* [WORK TASK] Output the first line below and each one after it, exactly, up to and including the line holding "Erstelle Bereiche aus". Pictures should not be copied.

* [COLLECTED MATERIAL]
= = = = =

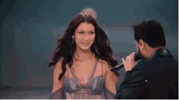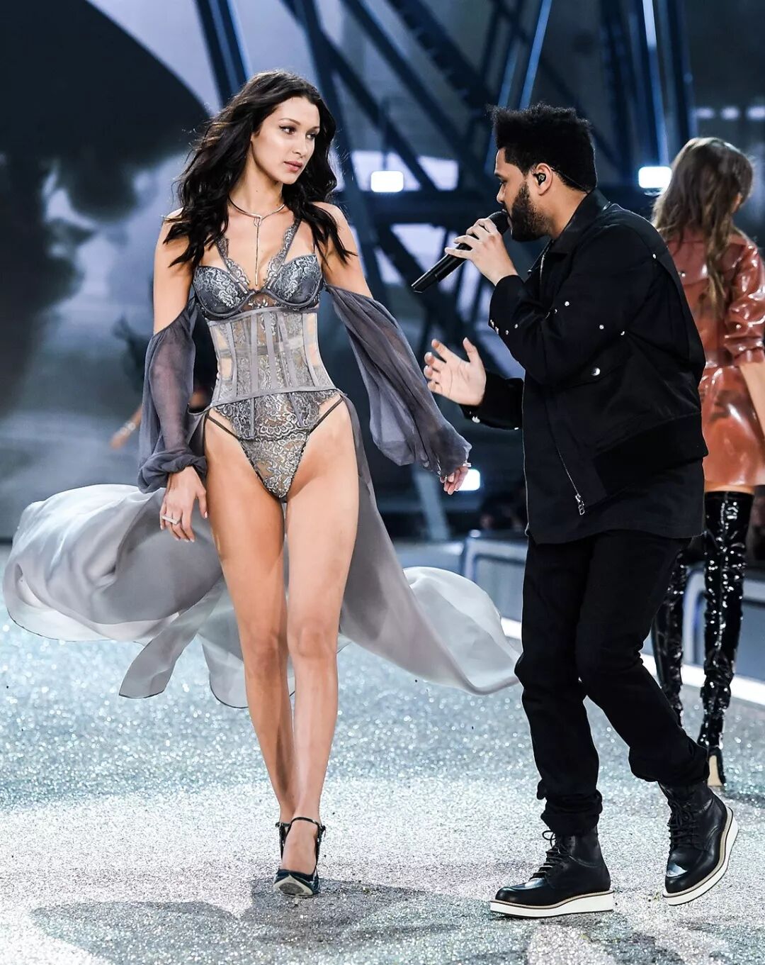 ▲Bella真的不是一个没有故事的女同学,不管是公事还是私事。陪她第一次登上维密大秀的还有表演嘉宾The Weeknd,他是Bella的前任,这是
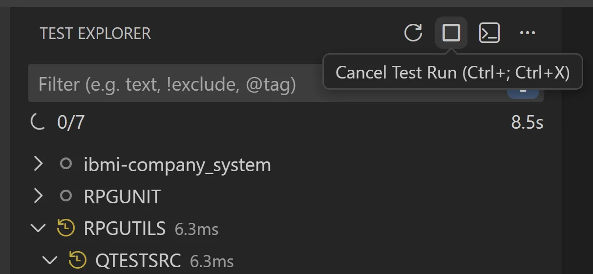 @IBMi:local: Show only tests from local files.@IBMi:qsys: Show only tests from source members.
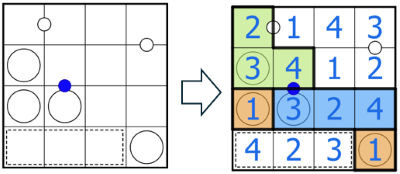 Erstelle Bereiche aus orthogonal verbundenen Zellen. Jeder Bereich enthält genau einen Kreis. Die Zahl im Kreis gibt die Größe des Bereichs an. Innerhalb eines Bereichs darf keine Ziffer doppelt vorkommen, und die Summe aller Ziffern innerhalb eines Bereichs muss eine Quadratzahl sein (1, 4, 9, 16 usw.). Nicht alle Zellen müssen zu einem Bereich gehören.
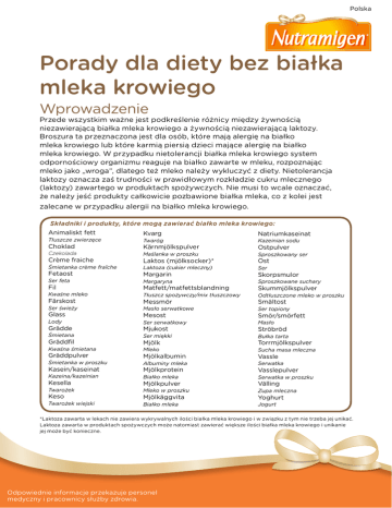 Polska Porady dla diety bez białka mleka krowiego Wprowadzenie Przede wszystkim ważne jest podkreślenie różnicy między żywnością niezawierającą białka mleka krowiego a żywnością niezawierającą laktozy. Broszura ta przeznaczona jest dla osób, które mają alergię na białko mleka krowiego lub które karmią piersią dzieci mające alergię na białko mleka krowiego. W przypadku nietolerancji białka mleka krowiego system odpornościowy organizmu reaguje na białko zawarte w mleku, rozpoznając mleko jako „wroga”, dlatego też mleko należy wykluczyć z diety. Nietolerancja laktozy oznacza zaś trudności w prawidłowym rozkładzie cukru mlecznego (laktozy) zawartego w produktach spożywczych. Nie musi to wcale oznaczać, że należy jeść produkty całkowicie pozbawione białka mleka, co z kolei jest zalecane w przypadku alergii na białko mleka krowiego. Składniki i produkty, które mogą zawierać białko mleka krowiego: Animaliskt fett Tłuszcze zwierzęce Choklad Czekolada Crème fraiche Śmietanka crème fraîche Fetaost Ser feta Fil Kwaśne mleko Färskost Ser świeży Glass Lody Grädde Śmietana Gräddfil Kwaśna śmietana Gräddpulver Śmietanka w proszku Kasein/kaseinat Kazeina/kazeinian Kesella Twarożek Keso Twarożek wiejski Kvarg Twaróg Kärnmjölkspulver Maślanka w proszku Laktos (mjölksocker)* Laktoza (cukier mleczny) Margarin Margaryna Matfett/matfettsblandning Tłuszcz spożywczy/mix tłuszczowy Messmör Masło serwatkowe Mesost Ser serwatkowy Mjukost Ser miękki Mjölk Mleko Mjölkalbumin Albuminy mleka Mjölkprotein Białko mleka Mjölkpulver Mleko w proszku Mjölkäggvita Białko mleka Natriumkaseinat Kazeinian sodu Ostpulver Sproszkowany ser Ost Ser Skorpsmulor Sproszkowane suchary Skummjölkspulver Odtłuszczone mleko w proszku Smältost Ser topiony Smör/smörfett Masło Ströbröd Bułka tarta Torrmjölkspulver Sucha masa mleczna Vassle Serwatka Vasslepulver Serwatka w proszku Välling Zupa mleczna Yoghurt Jogurt *Laktoza zawarta w lekach nie zawiera wykrywalnych ilości białka mleka krowiego i w związku z tym nie trzeba jej unikać. Laktoza zawarta w produktach spożywczych może natomiast zawierać większe ilości białka mleka krowiego i unikanie jej może być konieczne. Odpowiednie informacje przekazuje personel medyczny i pracownicy służby zdrowia. O czym jeszcze należy pamiętać: Przepisy dotyczące etykietowania SKŁAD PRODUKTÓW Zgodnie z europejskimi przepisami etykietowania produktów, w przypadku gdy w składzie danego produktu spożywczego występuje mleko lub przetwory mleczne, należy to bezwzględnie podać na opakowaniu. Wyrób w sobie nawyk KAŻDORAZOWEGO czytania składu kupowanych produktów spożywczych. Skład danego produktu może się zmienić i to, co wcześniej nie zawierało mleka, być może teraz je zawiera. Albo na odwrót. Produkty spożywcze PRZETWORY MLECZNE Z diety należy wykluczyć wszystkie rodzaje mleka oraz produktów mlecznych i należy zastąpić je innymi produktami. W sklepach spożywczych dostępnych jest wiele różnych produktów (najczęściej) bazujących na owsie, ryżu lub soi. Decydujące znaczenie dla wyboru produktów zastępczych ma zapotrzebowanie na energię i składniki odżywcze. W przypadku niemowląt i małych dzieci często potrzebne są kompletne specjalistyczne produkty zastępcze wydawane na podstawie wskazań żywieniowych. MLEKO OWCZE I KOZIE Białko znajdujące się w mleku innych zwierząt, np. w mleku owczym i kozim, jest zbliżone do białka mleka krowiego i dlatego należy go unikać. TŁUSZCZ SPOŻYWCZY Masło i margaryna z reguły zawierają mleko. W przypadku gdy w diecie zalecana jest margaryna, należy wybierać margarynę niezawierającą mleka. Czyste oleje nie zawierają mleka. CHLEB Wiele gatunków chleba nie zawiera mleka – są one zwykle wypiekane na bazie wody i oleju, pamiętaj jednak o przeczytaniu składu na etykiecie produktu. Ciastka i wypieki cukiernicze z reguły zawierają zarówno mleko, jak i margarynę lub masło. KASZA Czyste krupy nie zawierają mleka, ale np. kaszka manna i kaszka ryżowa są tradycyjne przyrządzane na mleku, natomiast kaszę owsianą i żytnią przyrządza się na wodzie. DODATKI KANAPKOWE Wszystkie rodzaje sera zawierają mleko. Czyste mięso, na przykład szynka wędzona lub gotowana, nie zawiera mleka. Natomiast półprodukty, jak np. kiełbasa lub pasztet, mogą czasem zawierać mleko. Wybierz produkt niezawierające mleka. MIĘSO I RYBY Nieprzetworzone mięso nie zawiera mleka, mleko może występować. Zawsze sprawdzaj skład takich produktów jak np. kiełbasa, kaszanka, paluszki rybne, kotlety rybne itp. OWOCE, WARZYWA I ZIEMNIAKI Produkty te w czystej formie nie zawierają mleka (także przegotowane i zakonserwowane), ale w ich przetworach, jak np. zupy warzywne w proszku czy puree ziemniaczane w proszku, zwykle mleko występuje. INNE PRODUKTY Zachowaj szczególną ostrożność w przypadku wszystkich rodzajów przetworów i półproduktów. Mleko może znajdować się tam, gdzie najmniej się go spodziewamy. Uważaj np. w przypadku kostek rosołowych, gotowych sosów/potraw, słodyczy, czekolady i chipsów. Zapotrzebowanie na energię i składniki odżywcze NIEMOWLĘTA I MAŁE DZIECI Niemowlęta i małe dzieci mają ogromne zapotrzebowanie na energię i składniki odżywcze. Bezmleczna dieta może być uboga w składniki energetyczne i odżywcze, jako że produkty mleczne odpowiadają za sporą część naszej kultury żywieniowej. Dlatego też należy dopilnować, aby dzieciom po okresie karmienia piersią zapewnić kompletne produkty zastępcze dostosowane do ich zapotrzebowania. Porusz ten temat ze swoim lekarzem lub dietetykiem. WAPNO Przetwory mleczne odpowiadają za dużą część naszego zapotrzebowania na wapno, i w zależności od tego, jakimi produktami zastępujemy przetwory mleczne, może wystąpić potrzeba suplementacji wapnia. Porozmawiaj o tym ze swoim lekarzem lub dietetykiem. www.nutra

= = = = =

* [ANSWER FOR THIS EXERCISE]
 ▲Bella真的不是一个没有故事的女同学,不管是公事还是私事。陪她第一次登上维密大秀的还有表演嘉宾The Weeknd,他是Bella的前任,这是
 @IBMi:local: Show only tests from local files.@IBMi:qsys: Show only tests from source members.
 Erstelle Bereiche aus orthogonal verbundenen Zellen. Jeder Bereich enthält genau einen Kreis. Die Zahl im Kreis gibt die Größe des Bereichs an. Innerhalb eines Bereichs darf keine Ziffer doppelt vorkommen, und die Summe aller Ziffern innerhalb eines Bereichs muss eine Quadratzahl sein (1, 4, 9, 16 usw.). Nicht alle Zellen müssen zu einem Bereich gehören.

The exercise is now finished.